Results from a Randomized Trial of the Dysolve Program for Students with Reading Difficulties

ABSTRACT

This technical report presents analyses and results from the first large-scale randomized controlled trial (RCT) of the effect of the game-based, artificial intelligence Dysolve® program on the reading achievement of the lowest-performing students in grades 3-8. Such RCT studies are widely recognized by experts as the “gold standard” for rigorous evaluation of program impacts. Additionally, the artificial intelligence (AI) system behind Dysolve generates single-use games in real time through a patent-protected method during its interaction with each user. Unlike adaptive programs of the past, Dysolve does not select from a premade pool of items or activities. This high responsivity at the individual-specific level is designed to locate and correct language processing deficits underlying each student’s reading difficulty.

In Dysolve, games are built in real time based on accumulating data in a user’s program. For example, a Dysolve game may assess Phoneme Detection, i.e., auditorily picking out a target sound in single, spoken words. This is important for learning and retaining new words, spelling and reading. In Dysolve, Phoneme Detection is delivered as a Fishing Game. The utterance of a test word is synchronized with a fish swimming across the screen at a set speed. Users ‘catch’ the fish representing a test word with the target sound. The student is told to listen for a target sound (e.g., /b/).

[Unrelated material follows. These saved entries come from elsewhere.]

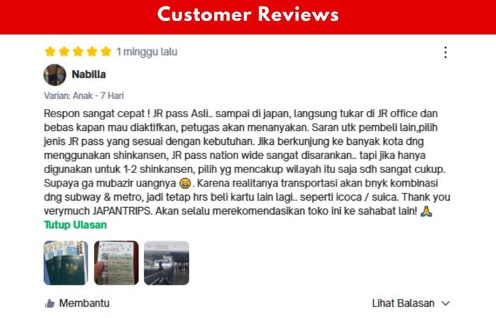 - Exchange Order: Dokumen voucher yang diterima setelah pembelian dan harus ditukarkan di Jepang untuk mendapatkan JR Pass yang sebenarnya.
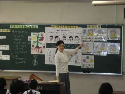今日は、2年生の栄養指導「やさい、大すきになろう」がありました。
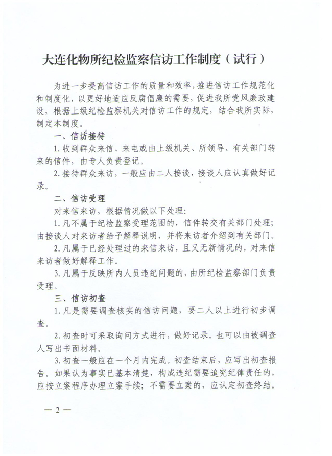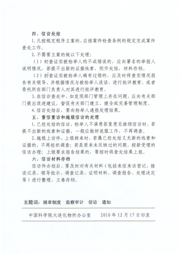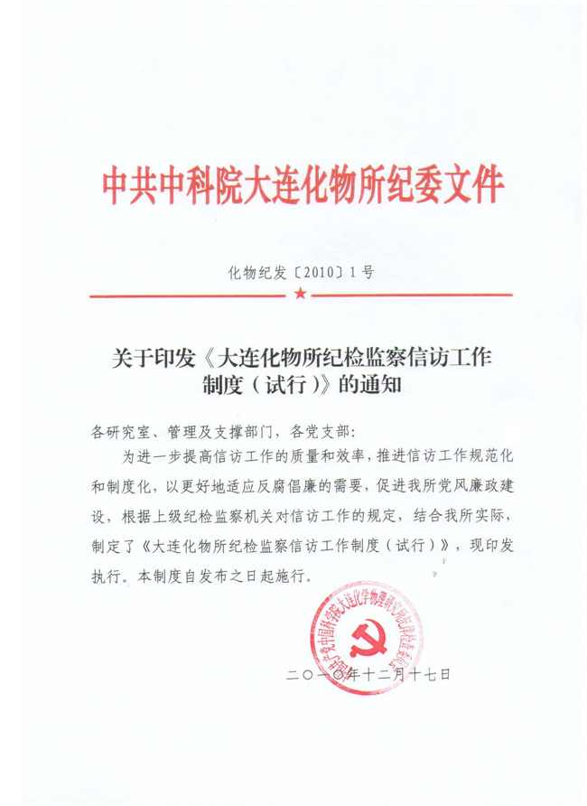 关于印发《大连化物所纪检监察信访工作制度(试行)》的通知
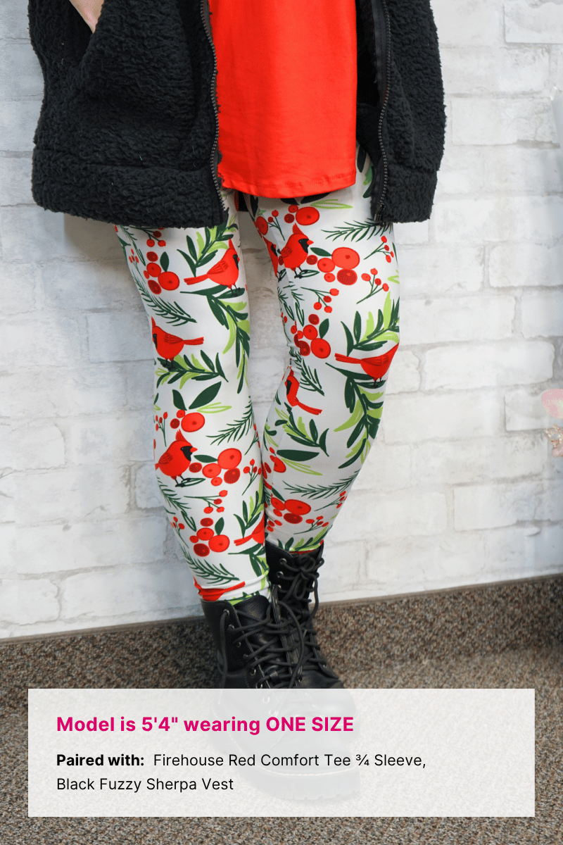 Our TALK TO CARDINALS Leggings is a print that whispers of wonder and connection. With graceful touches of our Crimson Red, our Sundried Tomato, Black, and our Eden Green set against a soft grey background, these leggings capture the quiet magic of spotting a cardinal — a symbol of hope, love, and messages from above.

Then they hear audio files of 10 common, single words (e.g., bed, both) in succession at a set speed. They tap on the keyboard whenever they detect the target sound in these words. Scoring is done automatically. Depending on the student’s game responses, Dysolve AI may decide to deliver another Fishing Game with new test words or a new test sound to verify or explore further or move on to a different activity.

During the 2022-23, through 2024-25 school years, a randomized controlled trial (RCT) was conducted to evaluate the effect of the Dysolve® program on reading achievement scores of students (n=848) enrolled in grades 3-8 in 32 schools from 9 states in the US. Participants included students in grades 3-8 who scored near the 10th percentile on average in reading/ELA for their grade on the previous year state or local reading/ELA test (excluding students with visual impairment, physical hearing problems, or cognitive impairment). Most participants were minority students from low-income districts. Students were randomly assigned to treatment and control conditions within grade and school. Baseline balance was confirmed through a statistical test of pre-intervention reading scores. Recommended minimum dosage was 9 hours of Dysolve in total (e.g., 15 min per day, 4 days per week, for 9 weeks). The trial commenced during the COVID-19 pandemic, and Dysolve was used as a supplemental program to regular reading instruction.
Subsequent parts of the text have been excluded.